Putusan tersebut lebih kecil daripada tuntutan jaksa penuntut umum Komisi Pemberantasan Korupsi. Sebelumnya, KPK menuntut kedua terdakwa dengan hukuman 3 tahun penjara.
Baca juga: Kasus Suap Wali Kota Cimahi, KPK Periksa Saksi dan Tersangka
Selama pembacaan putusan, kedua terdakwa tampak santai. Keduanya sesekali menundukkan kepala saat majelis hakim bergantian membacakan amar putusan.

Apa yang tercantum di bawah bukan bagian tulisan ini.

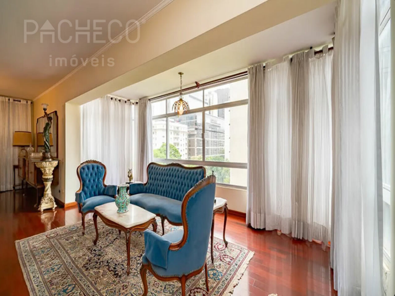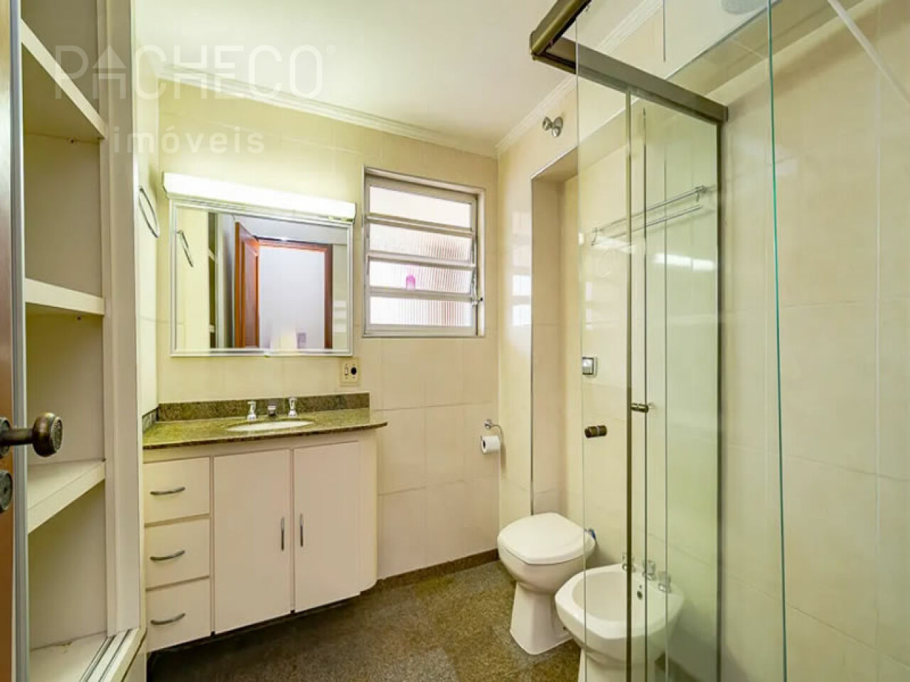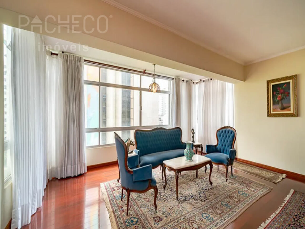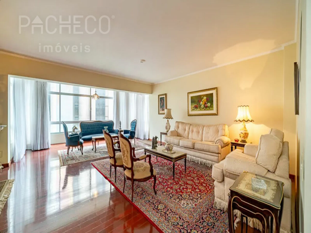Living com 2 ambientes, piso em madeira nobre, lavabo, lareira elétrica e sacada, suíte com varanda e repleta de armários, banheiro da suíte impecável com acabamento em porcelanato, dormitório com armários embutidos de excelente qualidade, varanda, banheiro social, cozinha com móveis planejados e marcenaria arrojada. Ar condicionado em todos os ambientes e aquecimento a gás. 1 vaga de garagem.
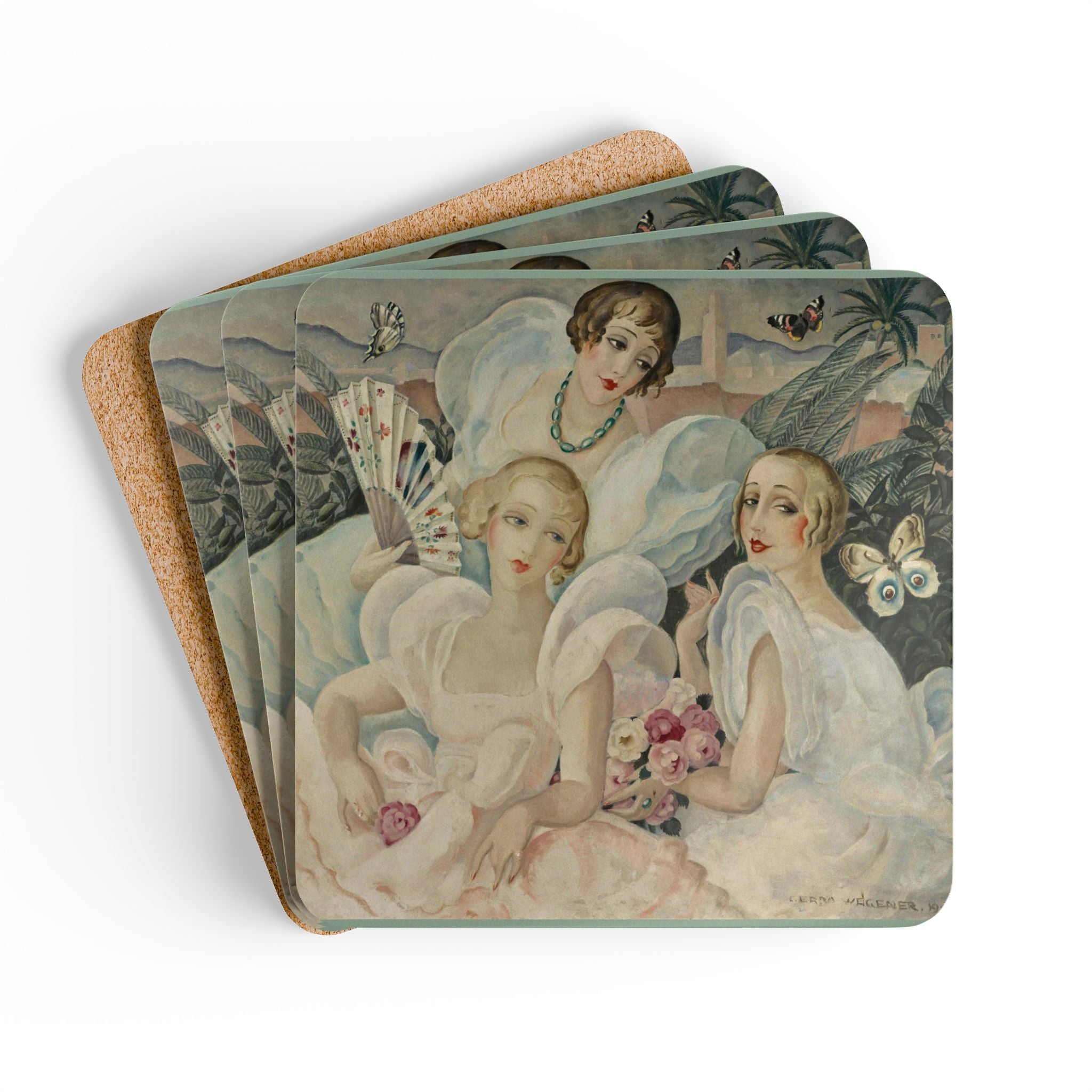 Les Femmes Fatales by Gerda Wegener Corkwood Coaster Set brings striking Art Deco sophistication to any space, blending vintage glamour with practical everyday use.

Seusai sidang, keduanya bersepakat tidak akan mengajukan banding. Mereka menerima putusan tersebut.
Kuasa hukum terdakwa, Unoto Dwi Yulianto, mengatakan tidak mempermasalahkan putusan tersebut. Menurutnya, kedua kliennya tersebut sudah mengakui perbuatannya. Namun ia sangat kecewa atas penolakan pengajuan justice collaborator ke KPK.
"Kalau putusannya, kami terima. Teman-teman (terdakwa) juga sudah mengakui. Tapi yang harus ada kejelasan ini biar ada kesamaan persepsi. Apakah JC bisa diberikan kepada pelaku utama atau tidak," ujarnya.
Sedangkan jaksa KPK mengaku akan memanfaatkan waktu tujuh hari untuk mempertimbangkan putusan majelis hakim. Namun pihaknya merasa puas dengan putusan majelis hakim yang memuat unsur pidana yang didakwa penuntut umum.
"Kami akan pikir-pikir dulu. Kalau mendengar pertimbangan majelis hakim, itu sudah sesuai dengan tuntutan kami," ujar jaksa Ronald Worotikan.